The in vitro cytotoxicity of a series of cyclic and linear sulfonate esters has been tested against the BE and HT-29 human colon carcinoma cell lines. Cyclodisone, a cyclic sulfonate ester, was found to be more toxic to the BE cell line when compared with the HT-29 cell line. In contrast, busulfan, a linear sulfonate ester, was equally toxic to both cell lines. Furthermore, alteration of the cyclodisone structure was found to produce marked differences in its cytotoxicity to these cell lines. These compounds would thus appear an excellent class of structures with which to produce new alkylating anti-cancer agents.

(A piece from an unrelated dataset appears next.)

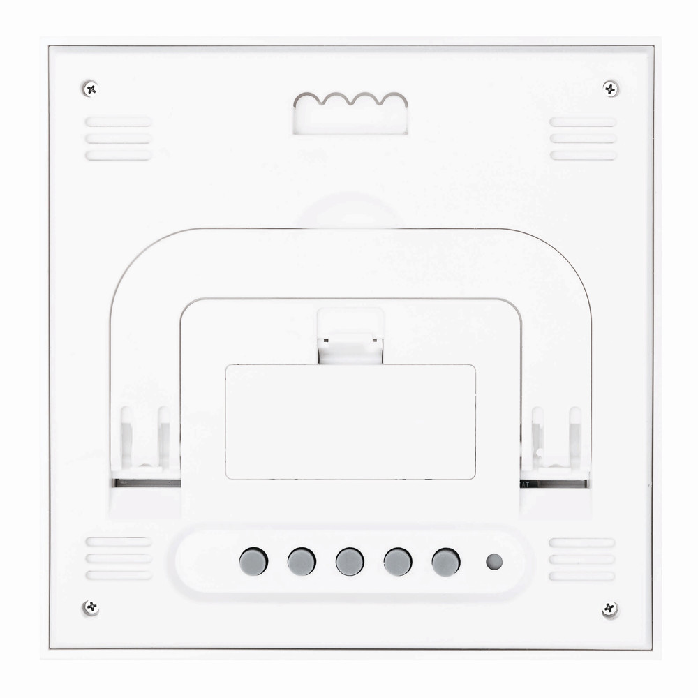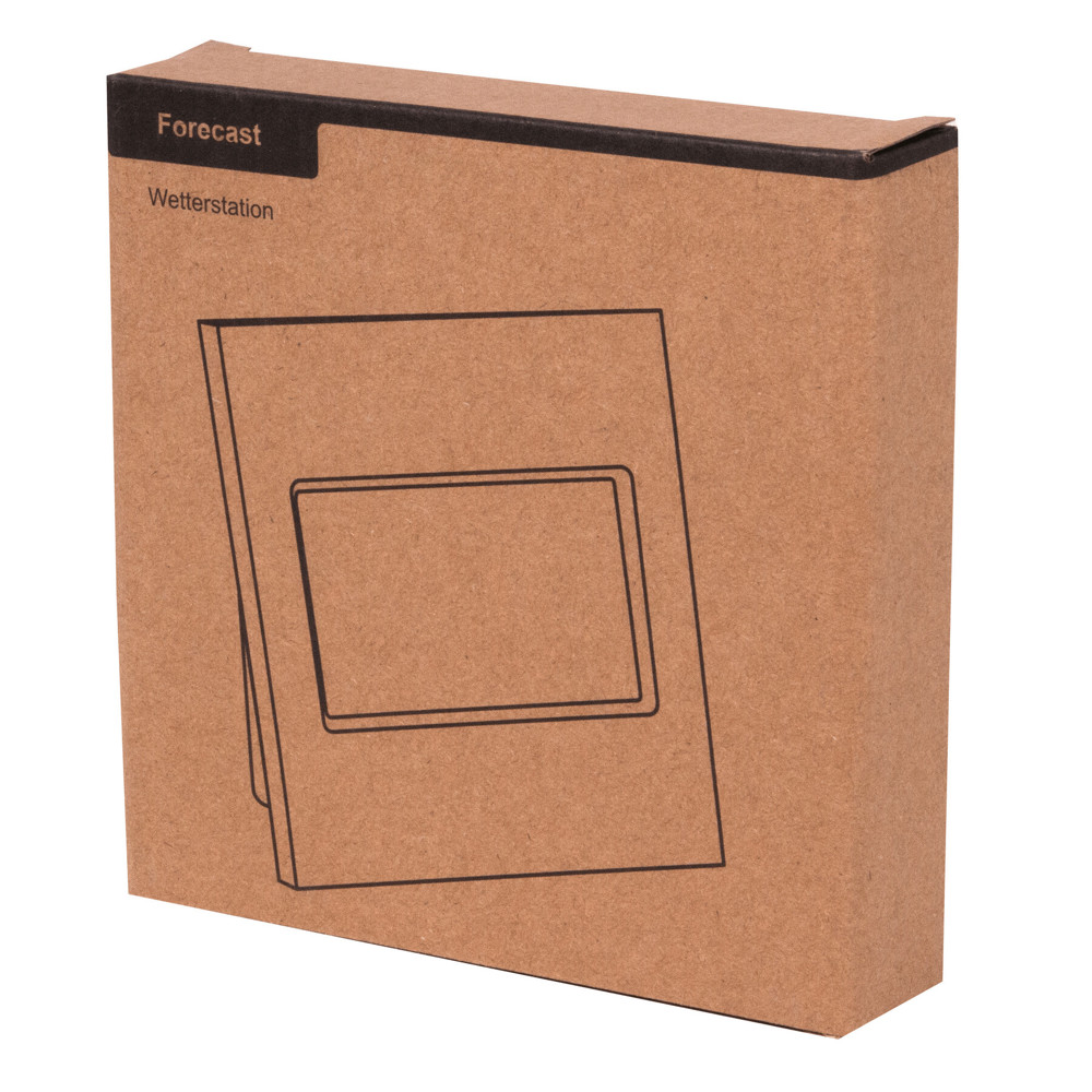 Weerstation FORECAST: met bamboe cover, alarmfunctie, datum- en tijdweergave, hygrometer en thermometer (voor °C en °F), uitklapbare standaard en gat voor wandmontage aan de achterkant, werkt op batterijen (2x AAA niet inbegrepen).

DNA reactivity and in vitro cytotoxicity of the novel antitumor agent 1,5,2,4-dioxadithiepane-2,2,4,4-tetraoxide (NSC-348948) in human embryo cells.

1,5,2,4-Dioxadithiepane-2,2,4,4-tetraoxide (cyclic-SoSo) is structurally a novel synthetic compound but may functionally act as an alkylating agent. The effects of cyclic-SoSo on DNA were studied in IMR-90 and VA-13 human embryo cells by means of DNA alkaline elution analysis. In contrast to a number of bifunctional alkylating agents, cyclic-SoSo produced no DNA-DNA interstrand cross-links in either cell line, even at concentration which produced a greater than 3 log cell kill. At equimolar concentrations cyclic-SoSo induced DNA-protein cross-links in both cell lines to a similar extent. Frank DNA breaks and alkali-labile DNA lesions were detected in both cell lines. A greater quantity of strand breaks appeared in the IMR-90 than in the VA-13 cell line after exposure to cyclic-SoSo. However, cyclic-SoSo was more cytotoxic to the VA-13 cell line in vitro than to the IMR-90 cell line. Thus cyclic-SoSo may not be a typical bifunctional alkylating agent in that its mechanism of action does not appear to involve DNA interstrand cross-linking.